START Information shown
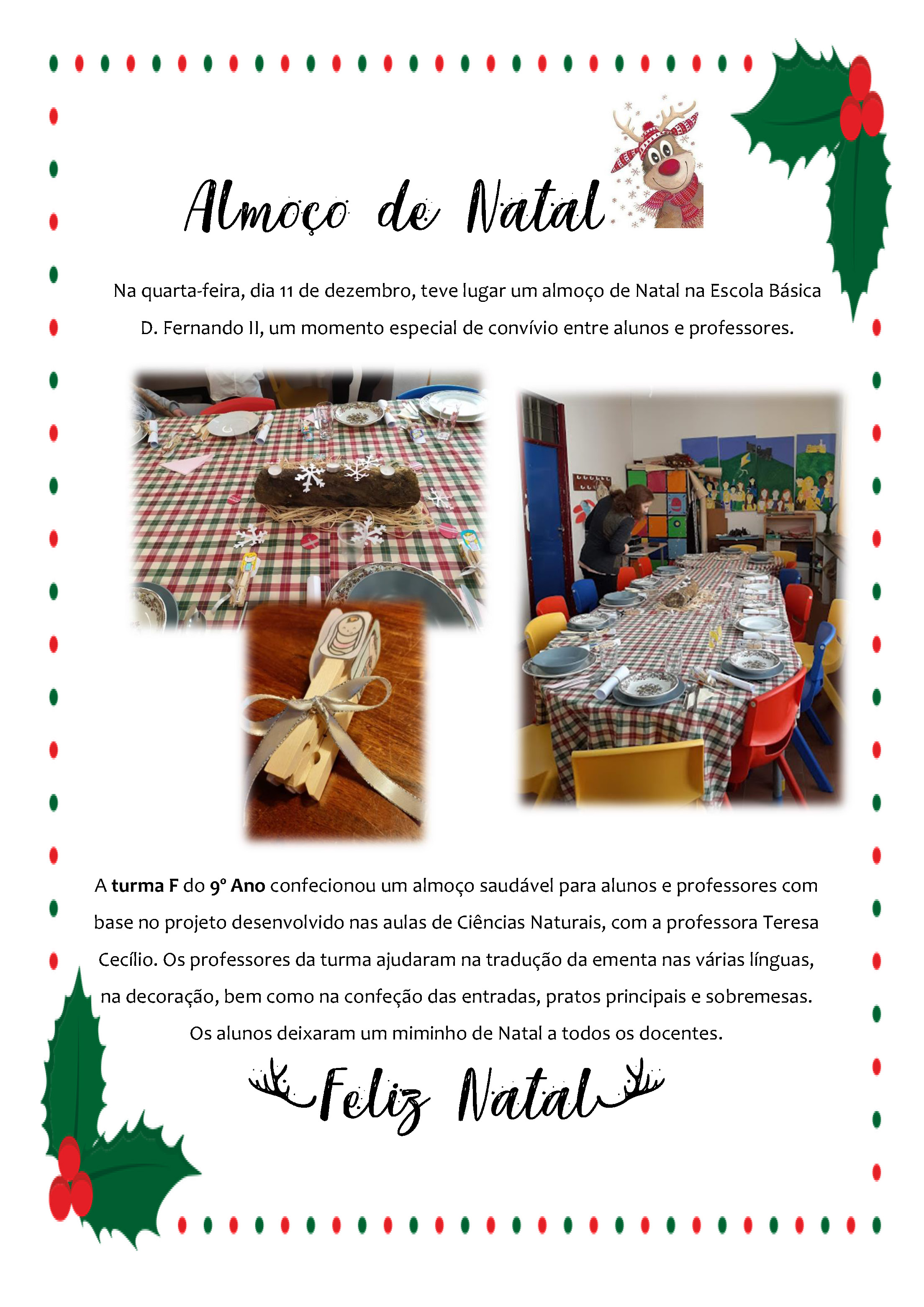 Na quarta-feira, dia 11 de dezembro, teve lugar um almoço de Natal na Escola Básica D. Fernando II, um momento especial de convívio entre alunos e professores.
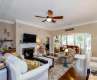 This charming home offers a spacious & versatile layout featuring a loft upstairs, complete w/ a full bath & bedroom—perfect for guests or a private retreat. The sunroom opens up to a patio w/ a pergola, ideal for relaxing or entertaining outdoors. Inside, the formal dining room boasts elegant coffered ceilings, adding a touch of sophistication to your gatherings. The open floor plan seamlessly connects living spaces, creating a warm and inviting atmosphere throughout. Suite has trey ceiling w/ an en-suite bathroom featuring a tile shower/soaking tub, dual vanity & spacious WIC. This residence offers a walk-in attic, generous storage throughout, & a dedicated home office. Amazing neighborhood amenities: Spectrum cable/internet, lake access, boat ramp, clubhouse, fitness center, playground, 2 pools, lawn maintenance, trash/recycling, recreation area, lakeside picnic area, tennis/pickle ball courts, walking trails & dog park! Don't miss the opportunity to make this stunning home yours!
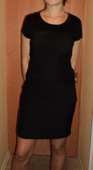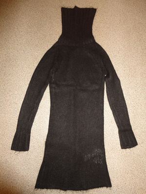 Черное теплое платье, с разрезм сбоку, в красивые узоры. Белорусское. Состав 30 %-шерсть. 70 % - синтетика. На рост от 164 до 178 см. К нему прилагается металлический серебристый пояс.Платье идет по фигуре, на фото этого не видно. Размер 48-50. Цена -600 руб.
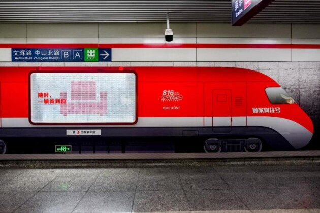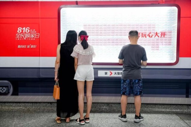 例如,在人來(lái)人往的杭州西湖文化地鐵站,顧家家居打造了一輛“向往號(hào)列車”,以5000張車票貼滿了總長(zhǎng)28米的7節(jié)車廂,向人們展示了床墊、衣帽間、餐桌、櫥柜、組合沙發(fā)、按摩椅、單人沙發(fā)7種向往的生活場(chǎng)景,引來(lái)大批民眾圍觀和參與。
END Information shown
All lines from the one containing "Черное теплое платье, с" through the end of the data are to be written out exactly, with nothing added; skip the pictures.

Answer space:
 Черное теплое платье, с разрезм сбоку, в красивые узоры. Белорусское. Состав 30 %-шерсть. 70 % - синтетика. На рост от 164 до 178 см. К нему прилагается металлический серебристый пояс.Платье идет по фигуре, на фото этого не видно. Размер 48-50. Цена -600 руб.
 例如,在人來(lái)人往的杭州西湖文化地鐵站,顧家家居打造了一輛“向往號(hào)列車”,以5000張車票貼滿了總長(zhǎng)28米的7節(jié)車廂,向人們展示了床墊、衣帽間、餐桌、櫥柜、組合沙發(fā)、按摩椅、單人沙發(fā)7種向往的生活場(chǎng)景,引來(lái)大批民眾圍觀和參與。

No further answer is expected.